Nehru’s great-grandson, Rahul, is therefore a quarter Kashmiri, a quarter Parsi and half Italian — a fine emblem of social liberalism and national integration, though that may please his grandfather rather more than his constituents in rural north India. Likewise with religion: Long before Alastair Campbell, the Nehru-Gandhis did not do God. “The spectacle of what is called religion in India and elsewhere has filled me with horror,” Nehru wrote, “and I have frequently condemned it and wished to make a clean sweep of it.” His grandson Rajiv was only slightly less pliable when I interviewed him in 1985. No, he never prayed to God. No, he had never believed in God. He conceded that his mother had gone a little off the rails towards the end of her life by taking up with swamis and yogis and consulting astrologers (she had premonitions, correctly, of a violent death), but she had brought him up to be agnostic and “secular”, a word that in India has to bear too much hope.

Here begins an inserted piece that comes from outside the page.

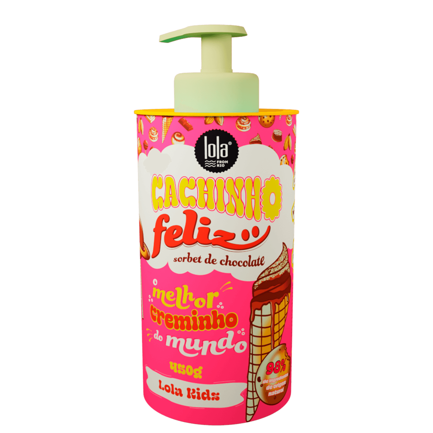 Creme de pentear para cabelos infantis. Lola From Rio Cachinho Feliz Sorbet de Chocolate desembaraça, hidrata e deixa os cachinhos saltitantes.O Creme de Pentear Lola From Rio Cachinho Feliz Sorbet de Chocolate foi especialmente formulado para cabelos cacheadinhos, que necessitam de uma nutrição mais poderosa.Com Manteiga de Ucuúba, Óleo de Castanha do Pará e Extrato de Cacau, o produto é excelente para nutrir, fortalecer e modelar as madeixas. Trata-se de um item único, ideal para cachos com curvatura de 3B e 4C. Uso diário.

Like his grandfather before him, and his son after him, Rajiv went to Trinity College Cambridge (where unlike them but like his mother at Oxford, he failed to get a degree). Oxbridge and the Ivy League universities remain the educations of choice for the Indian elite, but the political class now reflects a much more Indian reality.

However much the socialist idealism of Nehru may have wished it, it seems unlikely that he could ever have imagined that his latest successor would have started his working life as a tea boy at a wayside railway station, or that his own great-grandson would prove such a political dud and quite possibly the terminus of the Nehru line.

Less deference and more aspiration on the part of the electorate can explain most of this outcome. The more difficult question is why Sonia ever wanted her son to be prime minister, and why Rahul allowed himself to want it? Doing the same job, his grandmother had been mowed down by automatic gunfire and his father blown to pieces by a suicide bomber in separate incidents with separate causes, seven years apart. According to reports, all that was left of his father were his head and his feet, which were wearing a pair of running shoes. Rahul was 20 at the time.

To overcome the reasonable fear that the same could happen to you requires an odd belief in, what? Destiny, duty, power? Especially when nothing other than a name suggests you would be any good at politics. But perhaps mother and son and their party are locked in a dance that none can escape.

This week, they offered to resign as Congress’s president and vice-president and the party refused their resignation. The last bit of England in Indian politics looks set to die a slow death.